Таунсенд руководил одной из самых плодотворных и сложных сетей шпионажа, существовавших на колониальной стороне во время революции. По крайней мере, мы не знаем ничего подобного. Его целью был район Нью-Йорка, где, разумеется, располагалась британская штаб-квартира. Его сложность заключалась не столько в усилиях по сбору информации, сколько в средствах коммуникации. (Я помню, что генерал Донован всегда внушал мне жизненно важное значение связи. Бесполезно собирать информацию, если вы не можете быстро и точно донести ее до пользователя.)

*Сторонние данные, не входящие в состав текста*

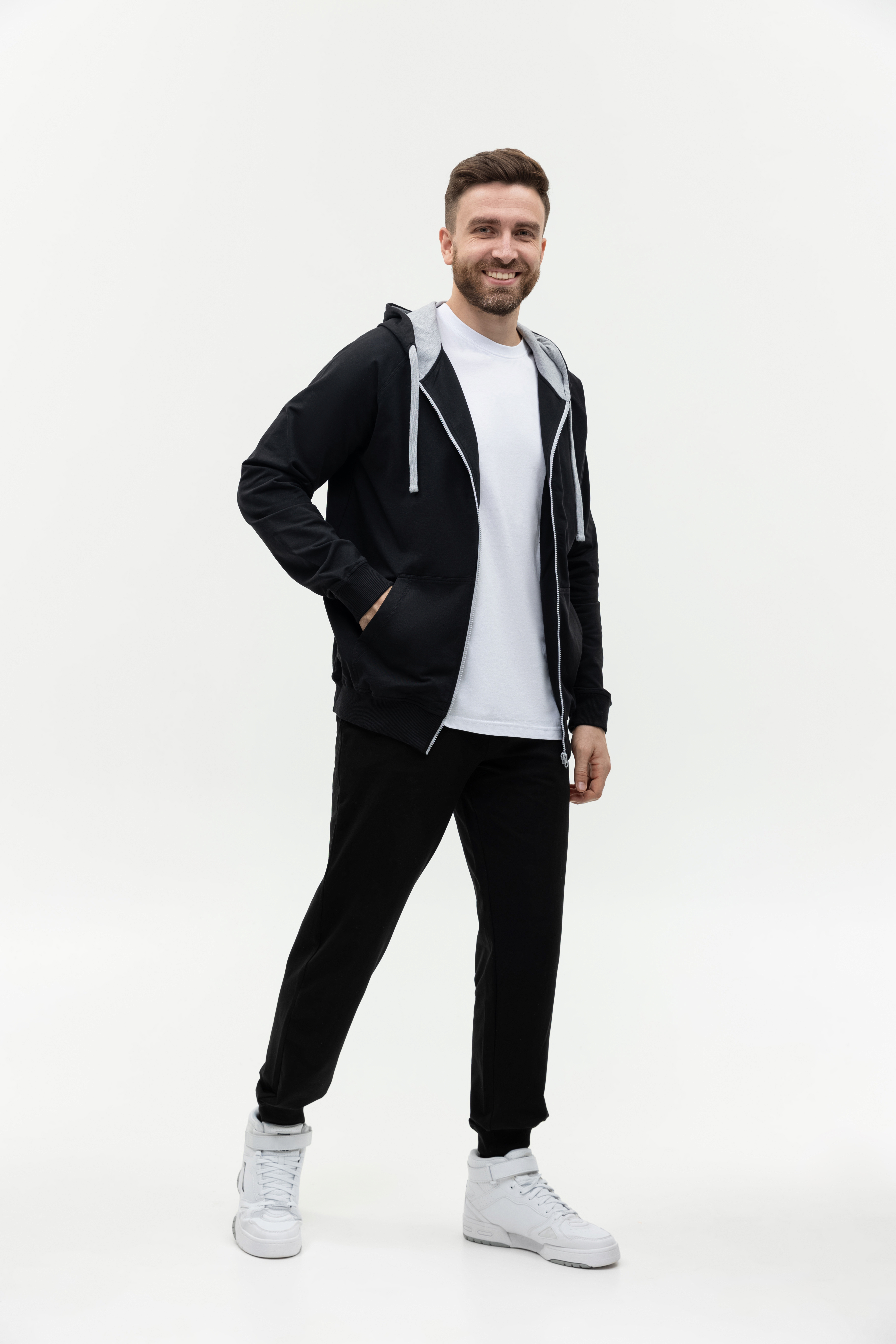 Толстовка мужская STAN с капюшоном на молнии футер без начёса 260, 61, Чёрный, (20) (54/XXL)

Поскольку британцы твердо контролировали Нью-Йорк, Гудзон и район гавани, было невозможно или, по крайней мере, очень рискованно проскользнуть через их оборону в Вашингтон в Вестчестере. Таким образом, информация от агентов Таунсенда в Нью-Йорке передавалась в Вашингтон очень окольным путем, который, однако, для того времени был быстрым, эффективным и безопасным. Его доставили из Нью-Йорка на северный берег Лонг-Айленда, оттуда через пролив Лонг-Айленд на лодке к берегу Коннектикута, где Таллмэдж подобрал его и передал генералу Вашингтону.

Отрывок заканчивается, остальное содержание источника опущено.